BEGIN Source data

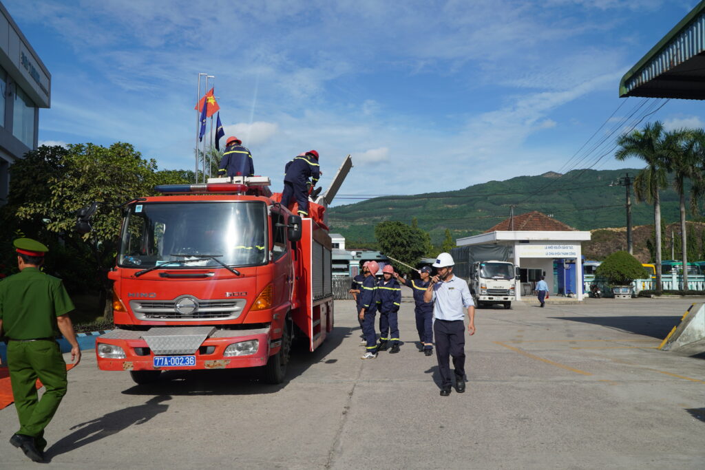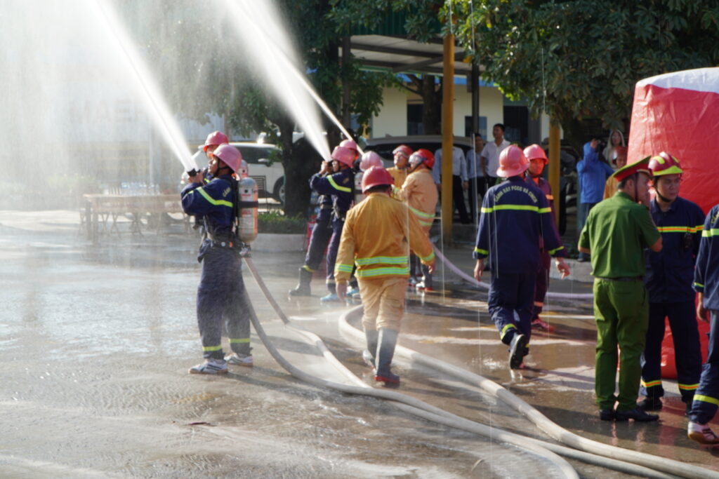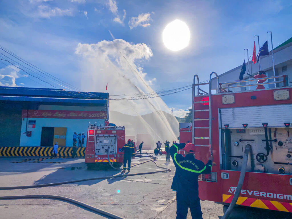 On the afternoon of October 3, the Firefighting and Rescue Team of Area 2 (Firefighting and Rescue Police Department, Gia Lai Provincial Police) coordinated with Dai Thanh Wood Technology Joint Stock Company (Quy Nhon Tay Ward) to organize a firefighting and rescue drill.
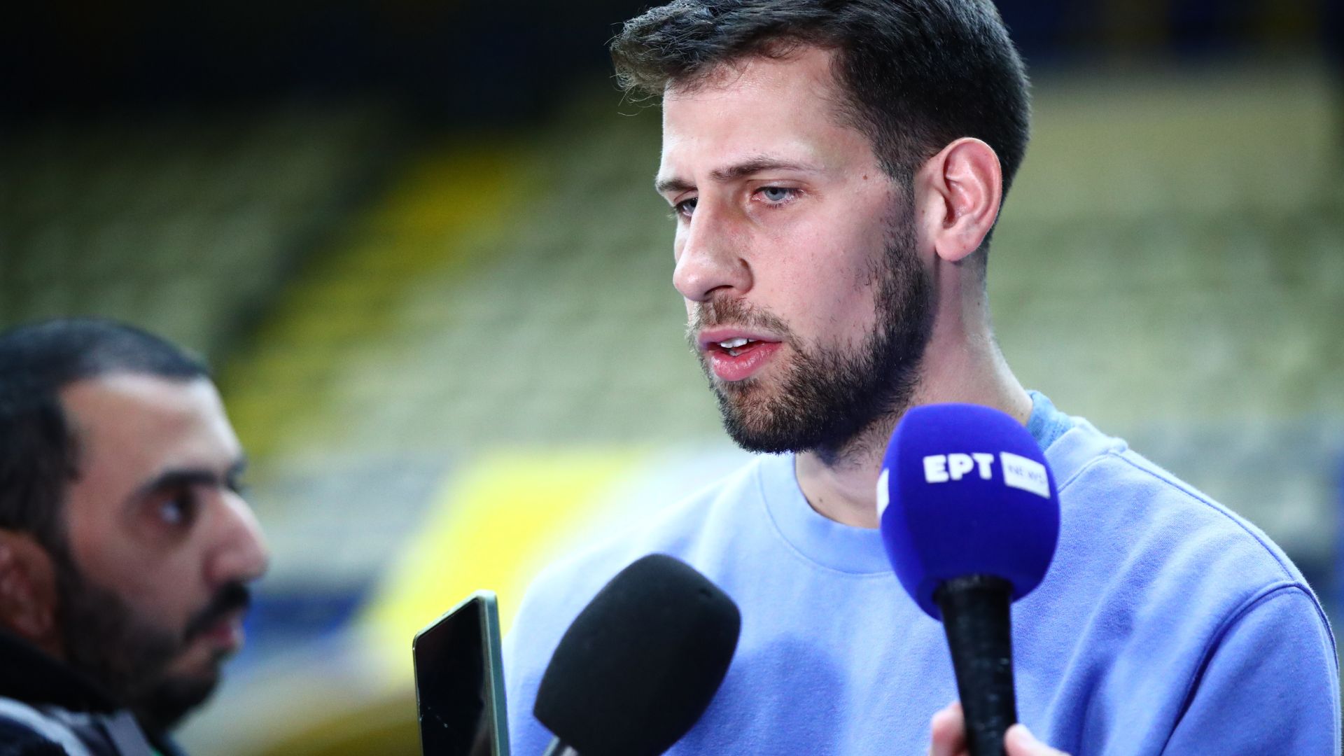 «Είναι τιμή μου που είμαι εδώ, ό,τι μου ζητηθεί θα το κάνω. Έχουμε τρεις μέρες να προετοιμαστούμε και να κάνουμε το καλύτερο δυνατό για να προκριθούμε στο Ευρωμπάσκετ. Βλέπω την εξέλιξή μου βήμα-βήμα, όχι με άλματα. Κοιτάζω να προπονούμαι καλά, να γίνομαι κάθε μέρα καλύτερος και πιστεύω πως με δουλειά όλα θα έρθουν. Το καλοκαίρι προσπάθησα να αντεπεξέλθω σε έναν ρόλο που μου έδωσε ο κόουτς Παπαδόπουλος στην Εθνική Νέων, οι προπονητές είδαν κάτι και με κάλεσαν και είναι τιμή μου. Προσωπικά πιστεύω πως υπάρχει ταλέντο, δουλεύουμε πολύ σωστά και θεωρώ ότι θα βγαίνουν με τον καιρό όλο και περισσότερα παιδιά. Η Μ. Βρετανία είναι ένας δυνατός αντίπαλος, δεν μπορούμε να την υποτιμήσουμε και στις μέρες που έχουμε θα δουλέψουμε όσο καλύτερα μπορούμε και θα είμαστε πολύ ανταγωνιστικοί».
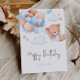 Célébrez un anniversaire spécial avec cette carte adorable et fantaisiste qui présente un mignon ours en peluche flottant parmi des nuages moelleux et tenant un bouquet de ballons pastel dans les tons bleu, pêche et beige. Le design gai s'accompagne de détails ludiques comme des étoiles et un petit oiseau charmant. Parfait pour les enfants ou les amateurs de design doux et charmant, cette carte est personnalisée avec le nom du destinataire pour une touche attentionnée et unique.
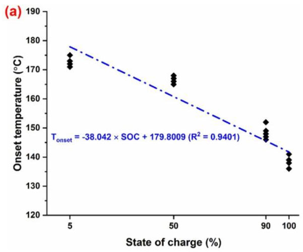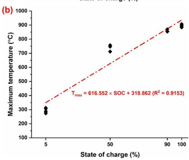 在下圖中作者對不同SoC電池在熱濫用測試中的熱失控起始溫度和最高溫度進(jìn)行了線性擬合,從擬合結(jié)果可以看到隨著電池SoC的升高,電池?zé)崾Э氐钠鹗紲囟瘸霈F(xiàn)了線性的降低,熱失控中達(dá)到了最高溫度則隨著SoC的升高而增加,表明較高的SoC會導(dǎo)致鋰離子電池的熱穩(wěn)定性顯著降低。
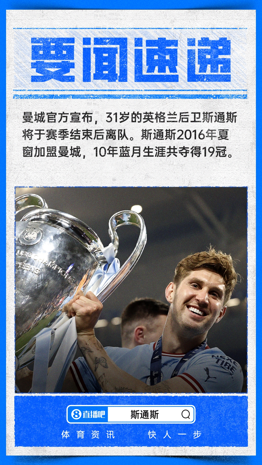 斯通斯通过其官方Instagram账号发布视频,宣布了这一决定。现在,俱乐部和所有球迷将在赛季末为这位曼彻斯特城足球俱乐部的优秀功臣举行隆重的致敬和告别仪式。
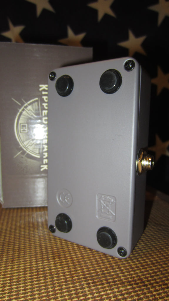 The Ripped Speaker is a modern fuzz with old school roots and pays homage to one of the ways that early, distorted guitar and bass sounds were made. At low fuzz settings the pedal emulates the lo-fi distortion sounds of yesteryear, the kinds of sounds created by a razor blade applied to a speaker cone, a loose tube or a faulty channel on a recording console. When you crank the fuzz up the sound is transformed. It’s modern and monumental with a searing, fully saturated, fuzz tone.
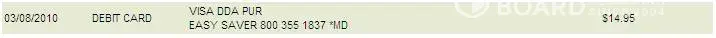 03/30/2009 Debit Card Transaction EASY SAVER [protected]/28EASY SAVE $14.95
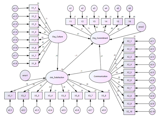 This study aims to obtain factual data and information that is valid and true and can be trusted about the influence of organizational culture, communication, and job satisfaction on the organizational commitment of lecturers at the Yayasan Pendidikan Borobudur. This research was conducted using a quantitative research approach, using a survey method, covering survey activities, testing instruments through validity, and reliability testing, as well as collecting and processing research data. The sample in this study was 114 permanent lecturers at the Yayasan Pendidikan Borobudur. The measurement in this study was carried out by giving the value of each question item from all variables. Measuring the value given in each question using the "Likert Scale". Data derived from the distribution of questionnaires carried out an analysis of research requirements, namely: The Goodness of Fit test, the Assessment of Normality test, and the Malahanobis Distance test. Data analysis techniques using Structural Equation Modeling analysis. Based on the results of research analysis: 1) there is an influence of Organizational Culture (X1) on Job Satisfaction (X3) of 0.154 2) There is an influence of Communication (X2) on Job Satisfaction (X3) of 0.109; 3) There is an influence of Organizational Culture (X1) on Organizational Commitment (Y) of 0.669; 4) There is an influence of Communication (X2) on Organizational Commitment (Y) of 0.069; 5) There is an influence of Job Satisfaction (X3) on Organizational Commitment (Y) of -0.111.
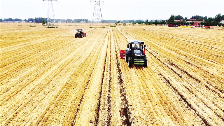 麦收过后,抢种秋粮。大型免耕施肥一体播种机能精准把控播种深度与施肥量,可大幅提升作业效率,成为抢种“主力”。我市各地农民熟练操作机器,在田间有序作业,不遗漏任何可耕种的土地,争分夺秒抢种,播撒丰收希望。图为6月2日,在郸城县秋渠乡广袤田野里,免耕施肥一体播种机正在进行玉米播种作业。
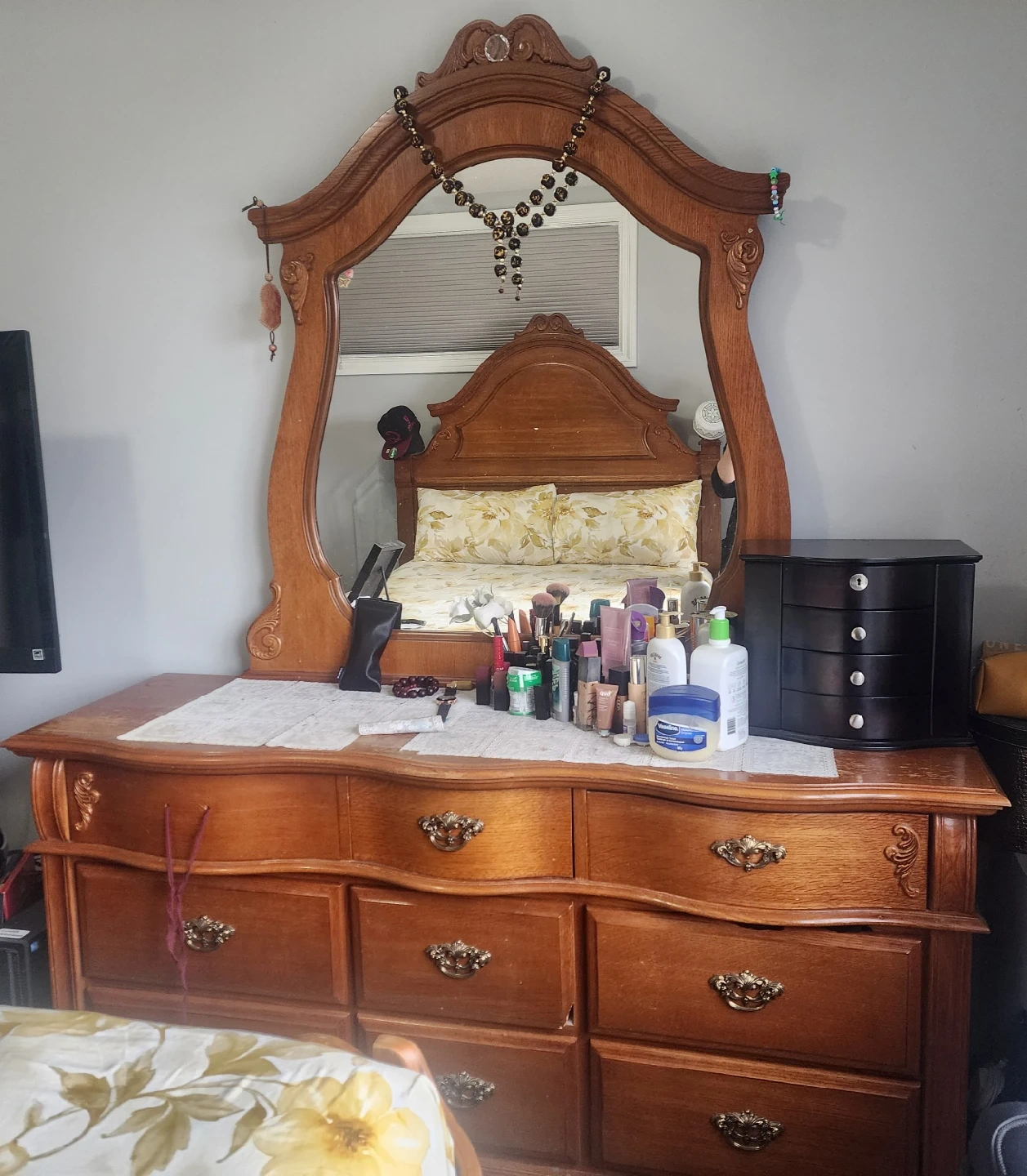 Bedroom set including a bed frame, dresser with mirror. The set is made of wood and has a traditional design. There are some signs of wear on the dresser, but overall it is in good condition.
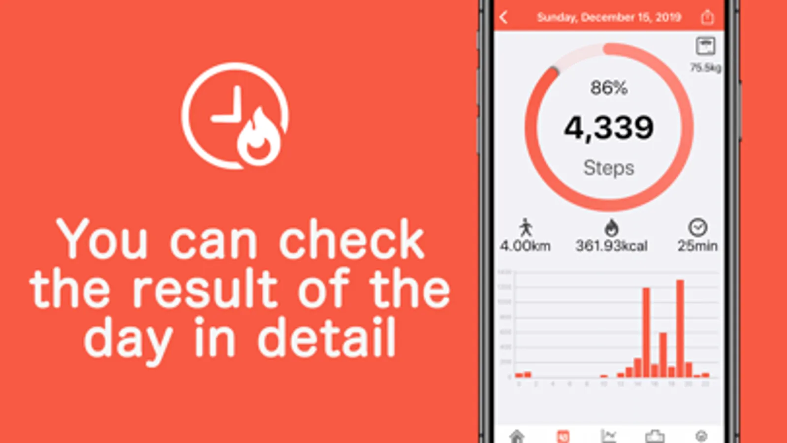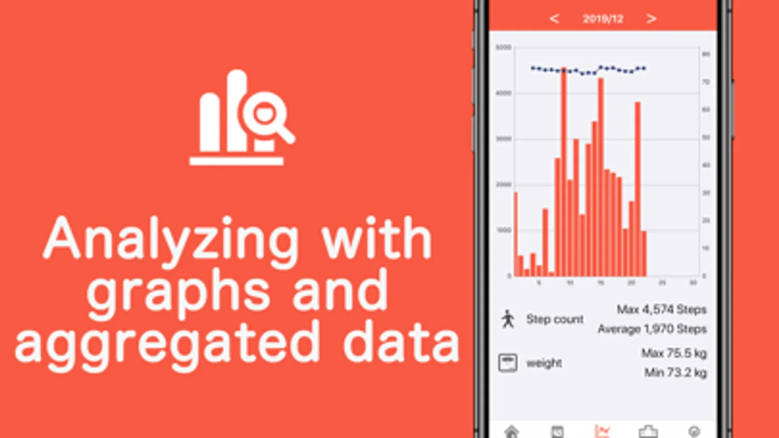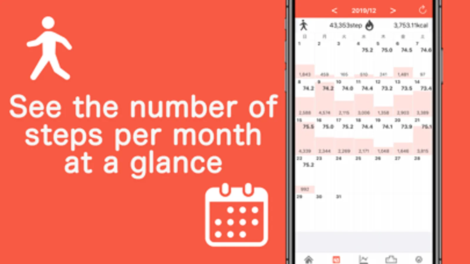 Stepy automatically calculates distance walked, calories burned, walking time, based on the number of steps. It can synchronize with all past data in iPhone's terminal. There is no binding at all such as one week ago. Also you can enter your weight for each date, so it is also recommended for diet.
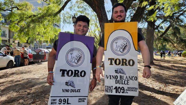 Ángelo, de 23 años, viene de Sunchales, Santa Fe, por primera vez. "La paso bien porque estoy con mis amigos. Suelo escuchar más rock, pero vengo para pasar el tiempo bien", dijo sobre sus expectativas para la noche. Junto a uno de sus compañeros hacía la previa disfrazado de caja de vino.

END Source data

Prompt:
Using the listing above, reproduce word for word every line from the one containing "This study aims" through the one containing "麦收过后,抢种秋粮。大型免耕". Pictures must be left out.

Solution to the exercise:
 This study aims to obtain factual data and information that is valid and true and can be trusted about the influence of organizational culture, communication, and job satisfaction on the organizational commitment of lecturers at the Yayasan Pendidikan Borobudur. This research was conducted using a quantitative research approach, using a survey method, covering survey activities, testing instruments through validity, and reliability testing, as well as collecting and processing research data. The sample in this study was 114 permanent lecturers at the Yayasan Pendidikan Borobudur. The measurement in this study was carried out by giving the value of each question item from all variables. Measuring the value given in each question using the "Likert Scale". Data derived from the distribution of questionnaires carried out an analysis of research requirements, namely: The Goodness of Fit test, the Assessment of Normality test, and the Malahanobis Distance test. Data analysis techniques using Structural Equation Modeling analysis. Based on the results of research analysis: 1) there is an influence of Organizational Culture (X1) on Job Satisfaction (X3) of 0.154 2) There is an influence of Communication (X2) on Job Satisfaction (X3) of 0.109; 3) There is an influence of Organizational Culture (X1) on Organizational Commitment (Y) of 0.669; 4) There is an influence of Communication (X2) on Organizational Commitment (Y) of 0.069; 5) There is an influence of Job Satisfaction (X3) on Organizational Commitment (Y) of -0.111.
 麦收过后,抢种秋粮。大型免耕施肥一体播种机能精准把控播种深度与施肥量,可大幅提升作业效率,成为抢种“主力”。我市各地农民熟练操作机器,在田间有序作业,不遗漏任何可耕种的土地,争分夺秒抢种,播撒丰收希望。图为6月2日,在郸城县秋渠乡广袤田野里,免耕施肥一体播种机正在进行玉米播种作业。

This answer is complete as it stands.